WHAT TO PRODUCE: With the pictures left out, print exactly the lines below that run from the one containing "今日の給食です。今日は『麦ご" through the one containing "Show your support".

Segment Start: EXERCISE INPUTS

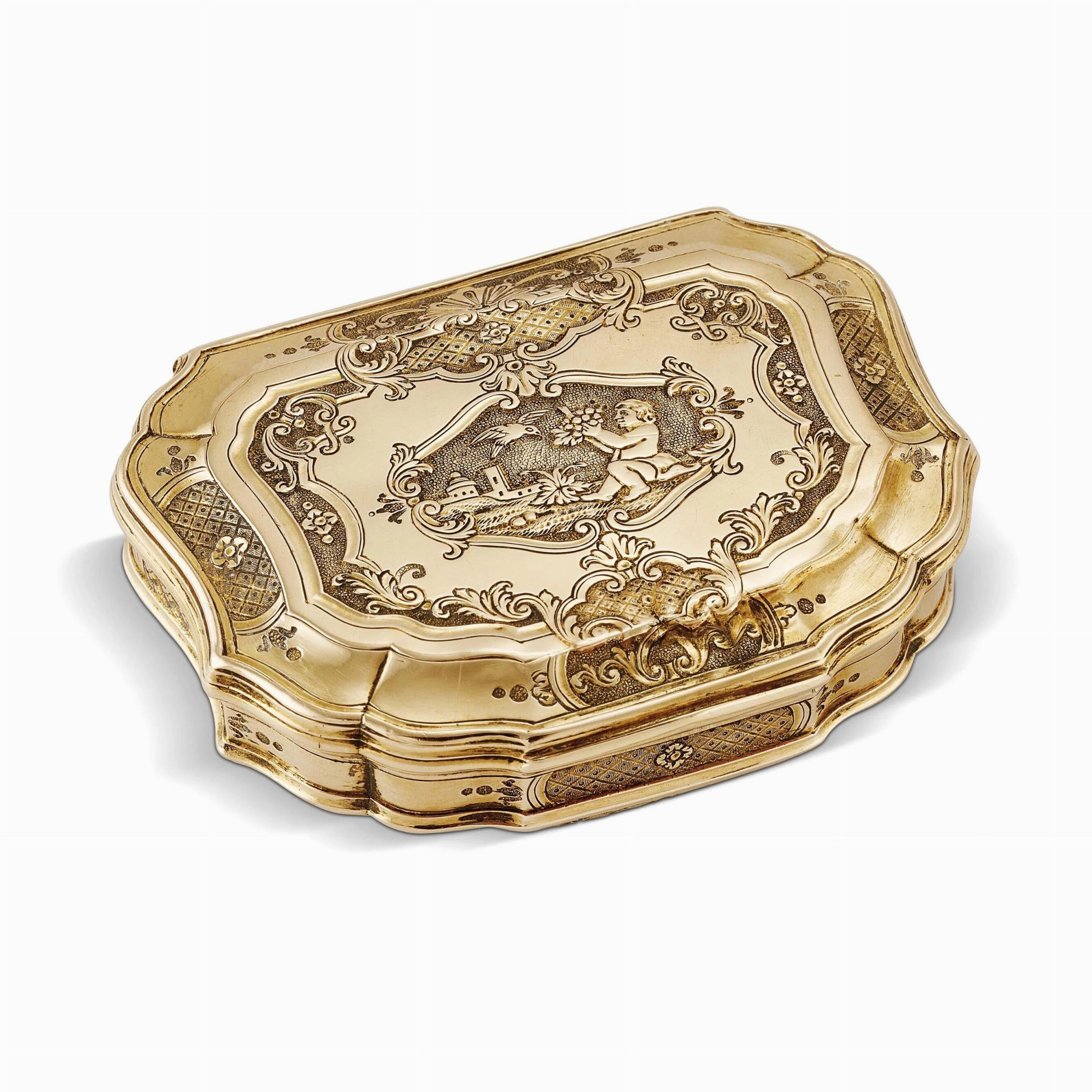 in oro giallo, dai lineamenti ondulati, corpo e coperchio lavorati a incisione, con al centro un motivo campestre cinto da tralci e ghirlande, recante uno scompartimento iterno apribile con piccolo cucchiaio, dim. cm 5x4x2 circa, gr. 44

Segment End: EXERCISE INPUTS
Segment Start: EXERCISE INPUTS

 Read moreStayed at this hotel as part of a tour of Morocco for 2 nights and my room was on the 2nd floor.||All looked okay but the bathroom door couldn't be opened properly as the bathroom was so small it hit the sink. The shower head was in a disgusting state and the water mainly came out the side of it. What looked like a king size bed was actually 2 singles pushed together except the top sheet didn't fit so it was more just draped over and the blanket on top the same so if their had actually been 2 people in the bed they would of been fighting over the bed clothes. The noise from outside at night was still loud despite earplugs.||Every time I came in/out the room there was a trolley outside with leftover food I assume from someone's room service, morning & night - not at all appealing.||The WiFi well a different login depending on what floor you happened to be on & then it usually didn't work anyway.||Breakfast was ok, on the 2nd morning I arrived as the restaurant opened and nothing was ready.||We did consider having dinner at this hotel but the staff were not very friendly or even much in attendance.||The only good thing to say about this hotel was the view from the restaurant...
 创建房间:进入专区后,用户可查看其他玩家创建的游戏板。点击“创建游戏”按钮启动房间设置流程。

Segment End: EXERCISE INPUTS
Segment Start: EXERCISE INPUTS

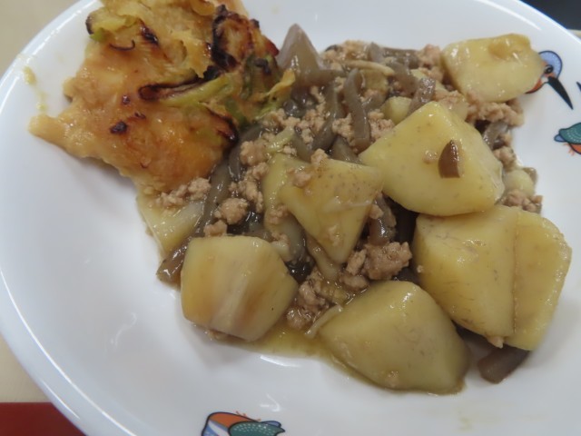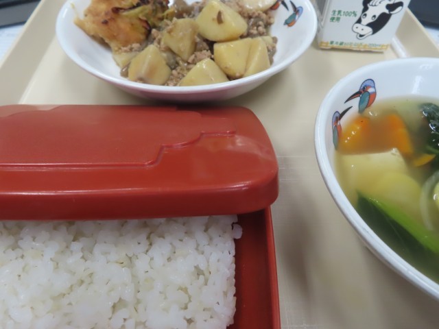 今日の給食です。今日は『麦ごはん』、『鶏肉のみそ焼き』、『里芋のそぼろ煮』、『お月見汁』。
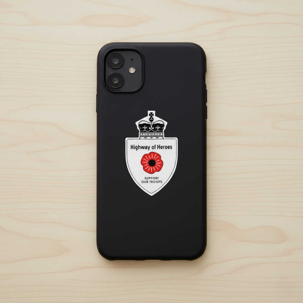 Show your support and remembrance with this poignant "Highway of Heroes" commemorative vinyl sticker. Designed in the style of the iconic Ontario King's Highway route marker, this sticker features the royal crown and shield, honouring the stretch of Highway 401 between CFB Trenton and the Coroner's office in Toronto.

Segment End: EXERCISE INPUTS

YOUR SOLUTION:
 今日の給食です。今日は『麦ごはん』、『鶏肉のみそ焼き』、『里芋のそぼろ煮』、『お月見汁』。
 Show your support and remembrance with this poignant "Highway of Heroes" commemorative vinyl sticker. Designed in the style of the iconic Ontario King's Highway route marker, this sticker features the royal crown and shield, honouring the stretch of Highway 401 between CFB Trenton and the Coroner's office in Toronto.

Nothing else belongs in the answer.